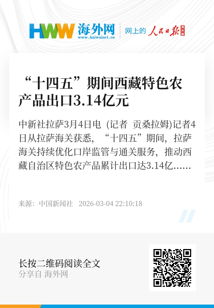 中新社拉萨3月4日电 (记者 贡桑拉姆)记者4日从拉萨海关获悉,“十四五”期间,拉萨海关持续优化口岸监管与通关服务,推动西藏自治区特色农产品累计出口达3.14亿元人民币,在筑牢高原生态屏障的同时,助力特色产品“走出去”、境外优质资源“引进来”,实现生态保护与对外开放协同增效。
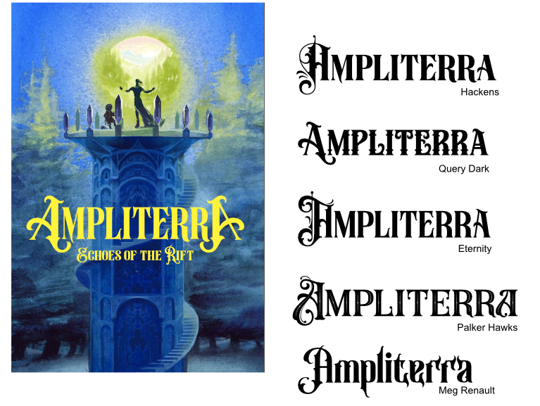 A few of the font options we experimented with over an early draft of the cover art. Art by Serena Malyon, Layout by Julie-Anne Muñoz.
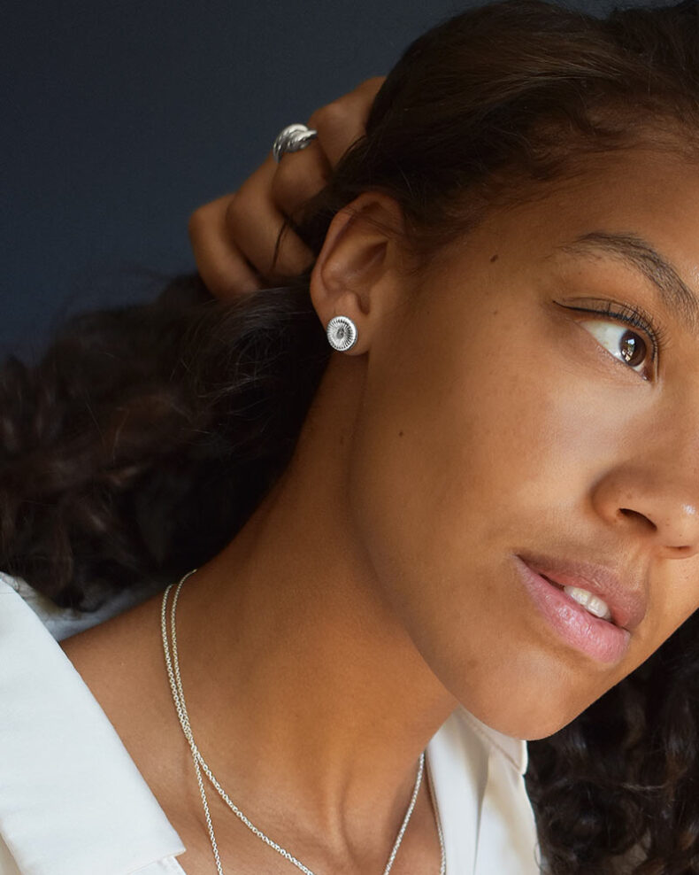 Ett par stora runda silverörhängen på stift. Det perfekta vardagssmycket med en design inspirerat från skandinaviska naturen.
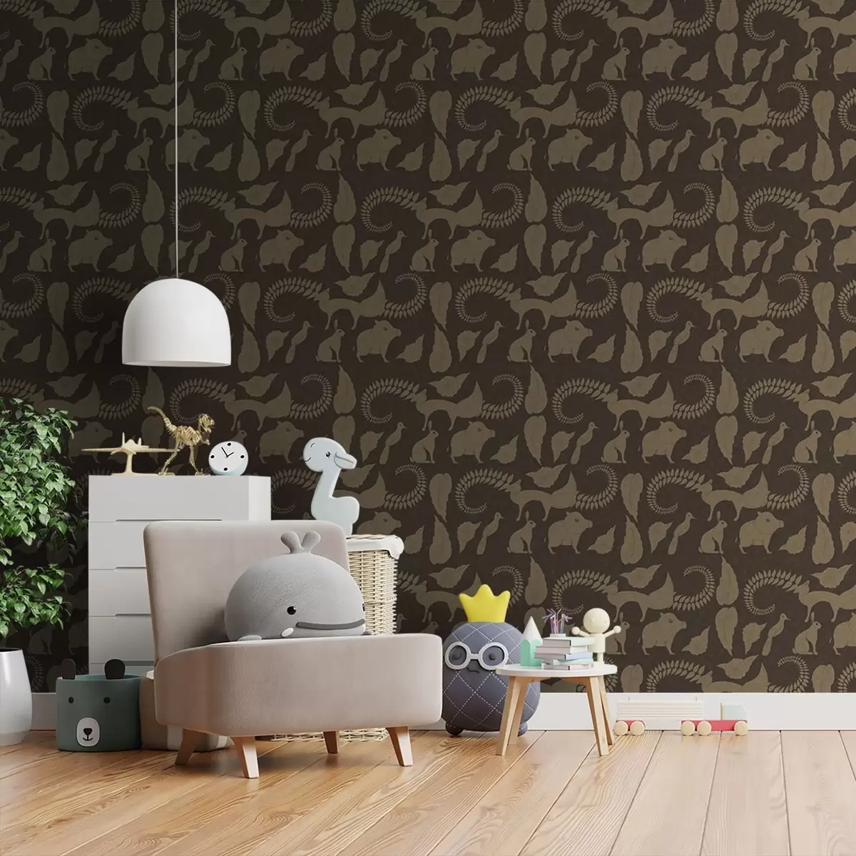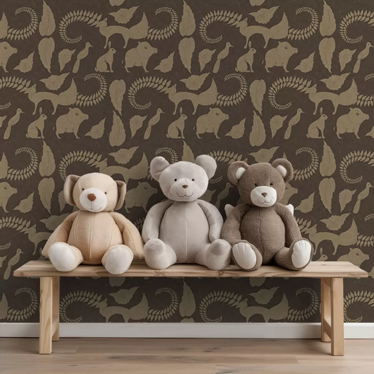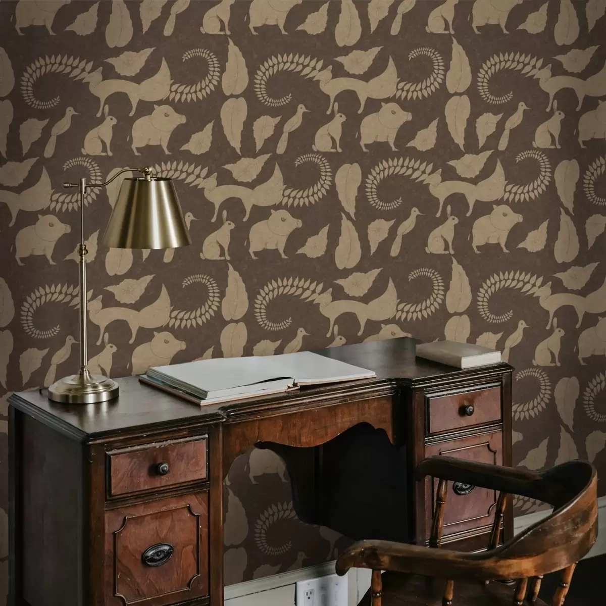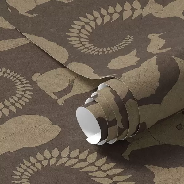Papel pintado Patrón forestal con animales sobre fondo marrón Nr. a01121

(WORK INSTRUCTIONS):
Give back the material word for word, leaving out its pictures.

(ANSWER BOX):
 中新社拉萨3月4日电 (记者 贡桑拉姆)记者4日从拉萨海关获悉,“十四五”期间,拉萨海关持续优化口岸监管与通关服务,推动西藏自治区特色农产品累计出口达3.14亿元人民币,在筑牢高原生态屏障的同时,助力特色产品“走出去”、境外优质资源“引进来”,实现生态保护与对外开放协同增效。
 A few of the font options we experimented with over an early draft of the cover art. Art by Serena Malyon, Layout by Julie-Anne Muñoz.
 Ett par stora runda silverörhängen på stift. Det perfekta vardagssmycket med en design inspirerat från skandinaviska naturen.
Papel pintado Patrón forestal con animales sobre fondo marrón Nr. a01121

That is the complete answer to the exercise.